Is it gas or electric ?


----------



## harri506

*Re: Maytag dryer not fully drying clothes*

Electric.


----------



## octaneman

*Re: Maytag dryer not fully drying clothes*

If you are up to the challenge and not afraid to get your hands dirty, you will need tools to do some fast mods on the timer. What you are going to have to do is open up the timer box and inspect the contact points for burns. First, remove the power cord from the wall if you do decide to take this route SAFETY FIRST!, take note of where everything is and mark it. When you pull the timer cover off there is a cam lobe assembly inside, be very careful to mark the flat edge of the shaft so when when you put everything back it's zeroed when you re-assemble it. Take a file and start grinding the contact points so its free of burns and scores. Once satisfied its clear re-assemble the timer. If you find it difficult to re-assemble, there is a retaining clip that has to be taken off to align everything.

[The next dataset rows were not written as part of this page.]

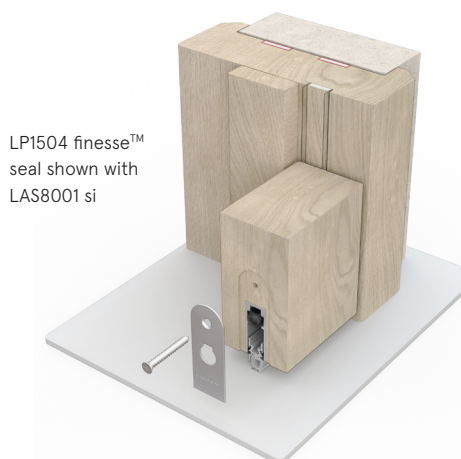
LP1504 finesse™ seal shown with LAS8001 si

All rights reserved. No part of this fitting guide may be reproduced, stored in a retrieval system, or transmitted in any means, electronic, mechanical, photocopying, recording or otherwise without the written permission of Lorient. © Lorient 2022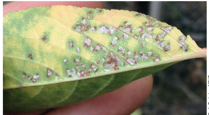
Emily Pochubay, MSUE

Purple lesions and chlorosis caused by infection of the cherry leaf fungus on the top of a tart cherry leaf (above) and bottom (below).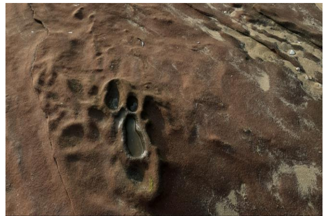
Triassic Sandstone at Hilbre Island with a Chirotherium footprint (fake news alert!) (Catherine Kenny)

The clip is put on at factory to prevent people from tampering, but we wouldn't do something like that now would we ? :3-smash:


If you find all this too difficult have a professional service your dryer. 


Good Luck !


----------



## harri506

*Re: Maytag dryer not fully drying clothes*

That was exactly it! I've had this dryer for 10 years and have never had a problem. The contacts for that cycle were pretty bad probably because it was the only one I ever use. Our local "repair service" appliance technician was stumped because the exhaust hose was completely clear. You hit the nail on the head just by what I said and it's as good as new!

Thanks a million!
Harri506


----------



## octaneman

Anytime :4-clap:


----------